*Dataset content:*
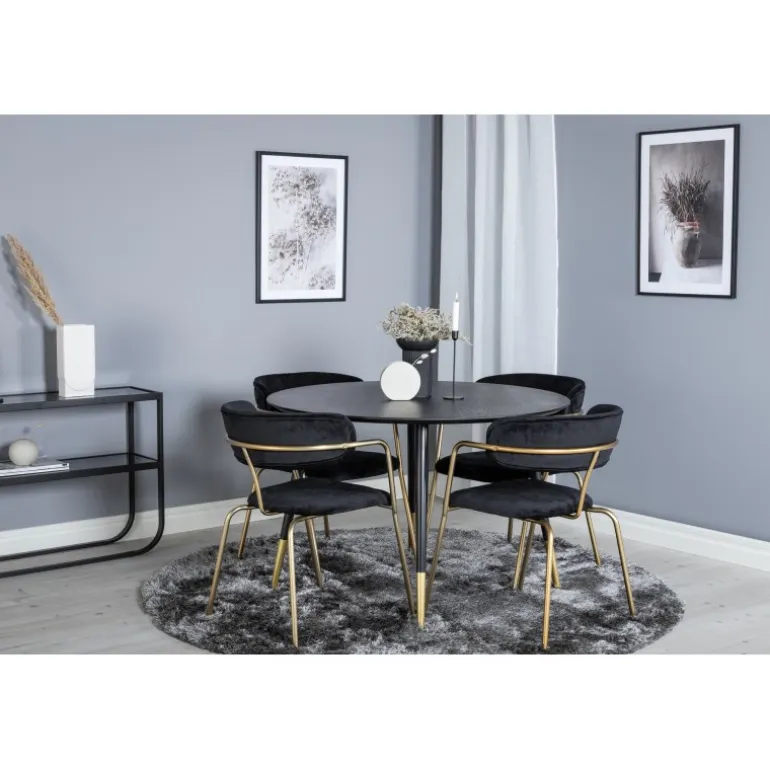 Vores stilfulde og siddevenlige spisestole Arrow kombineret med spisebordet Dipp passer perfekt ind i de fleste husholdninger. Et bord med masser af plads til middage og socialt samvær. Indret med guldkanter i hverdagen – det skal føles rart at komme hjem!
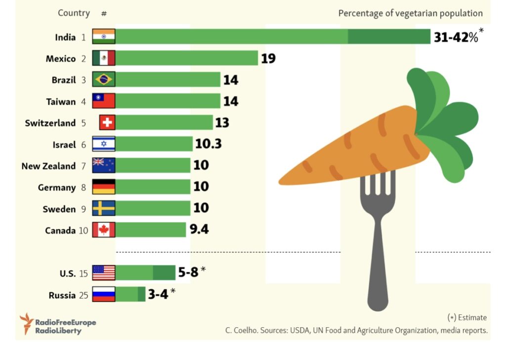 世界で最もベジタリアンの人口比率が高い国はインド。国民の約1/3強が「ベジタリアン」というデータがあります。2位のメキシコは10ポイント以上低い19%、次いでブラジルと台湾が14%でほぼ同率。イスラエル、ニュージーランド、ドイツ、スウェーデン、カナダが約10%、アメリカは5-8%(推計含む)。アジアで圧倒的にベジタリアンの割合が高いのは台湾で、「台湾素食」と呼ばれるベジタリアン食も歴史があります。インドや台湾は特に宗教的な理由が多いようです。日本は数万人規模のデータがないので何とも言えませんが、数千人程度の定量調査では3~5%程度という結果があります。
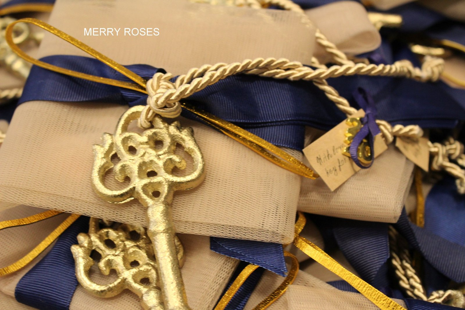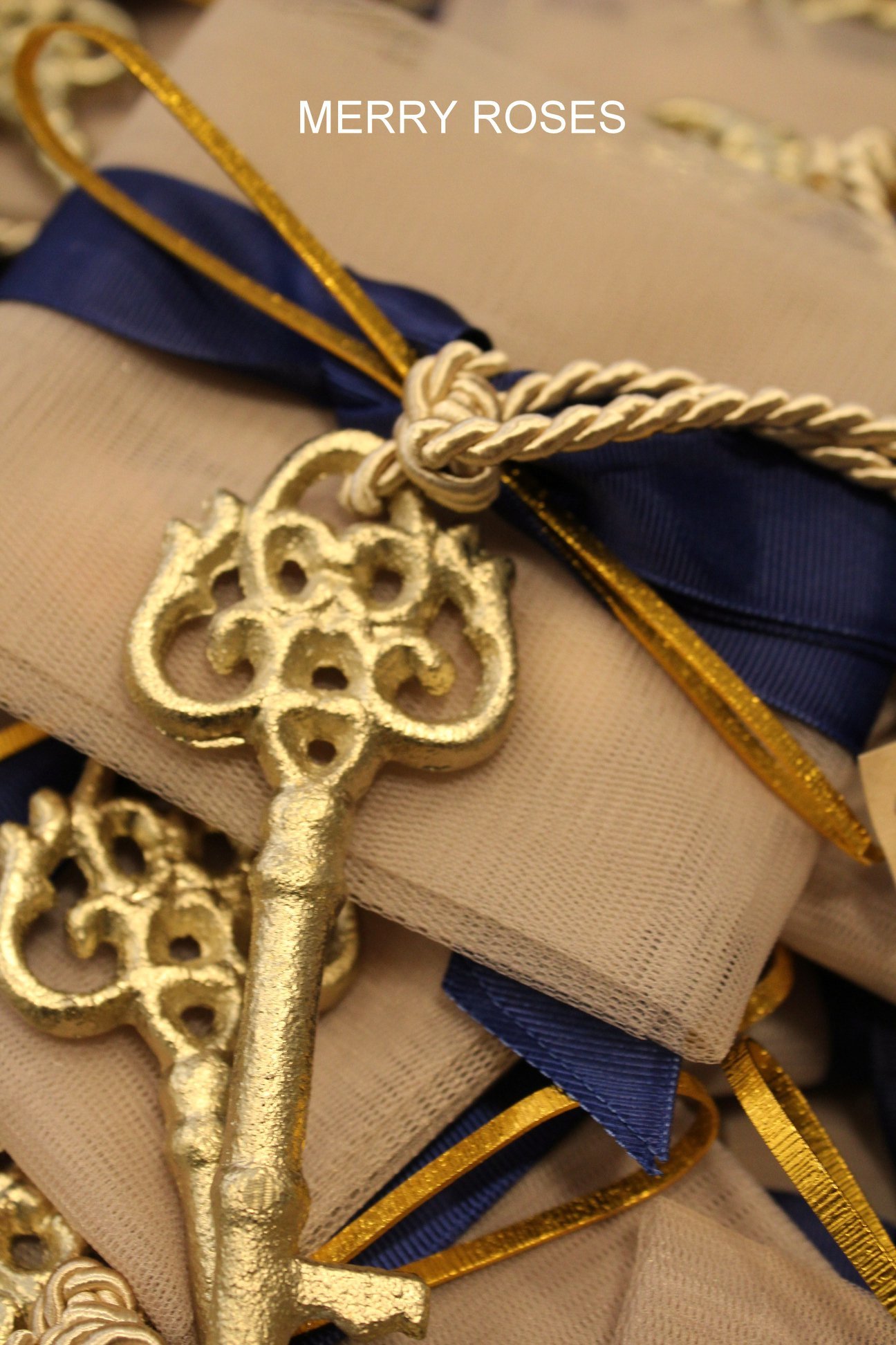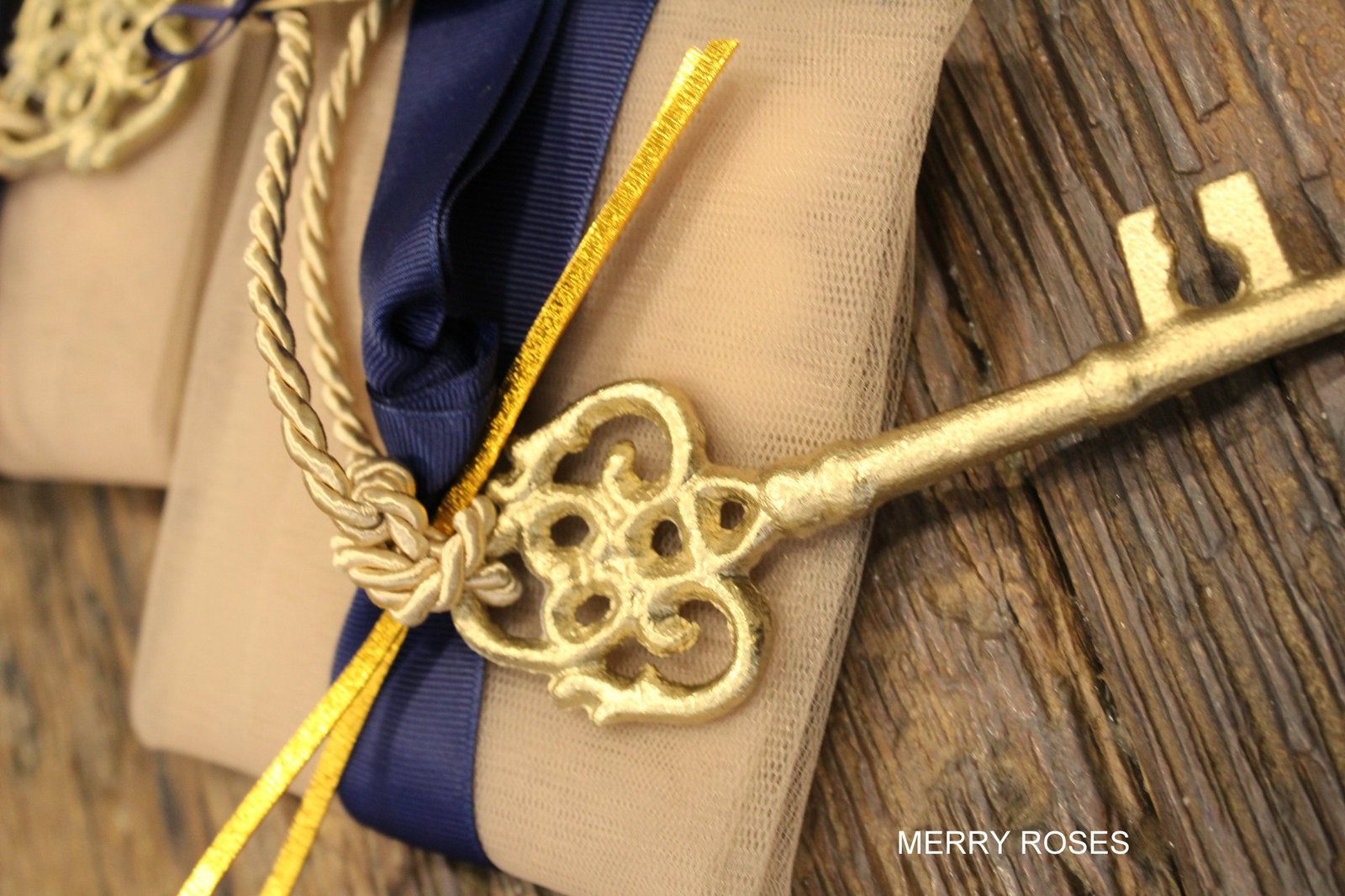 Μπομπονιέρα γάμου ,vintage μεταλλικό διακοσμητικό κλειδί 12,5 εκ χρυσό δεμένο σε τούλινη θήκη με κορδέλες,γκρό μπλε , μπέζ rayon κορδόνι & διακοσμητική χρυσή μεταλλική ράβδο .

*Task statement:*
Send back the listing exactly as it stands. Do not include the pictures.

*Answer to this problem:*
 Vores stilfulde og siddevenlige spisestole Arrow kombineret med spisebordet Dipp passer perfekt ind i de fleste husholdninger. Et bord med masser af plads til middage og socialt samvær. Indret med guldkanter i hverdagen – det skal føles rart at komme hjem!
 世界で最もベジタリアンの人口比率が高い国はインド。国民の約1/3強が「ベジタリアン」というデータがあります。2位のメキシコは10ポイント以上低い19%、次いでブラジルと台湾が14%でほぼ同率。イスラエル、ニュージーランド、ドイツ、スウェーデン、カナダが約10%、アメリカは5-8%(推計含む)。アジアで圧倒的にベジタリアンの割合が高いのは台湾で、「台湾素食」と呼ばれるベジタリアン食も歴史があります。インドや台湾は特に宗教的な理由が多いようです。日本は数万人規模のデータがないので何とも言えませんが、数千人程度の定量調査では3~5%程度という結果があります。
 Μπομπονιέρα γάμου ,vintage μεταλλικό διακοσμητικό κλειδί 12,5 εκ χρυσό δεμένο σε τούλινη θήκη με κορδέλες,γκρό μπλε , μπέζ rayon κορδόνι & διακοσμητική χρυσή μεταλλική ράβδο .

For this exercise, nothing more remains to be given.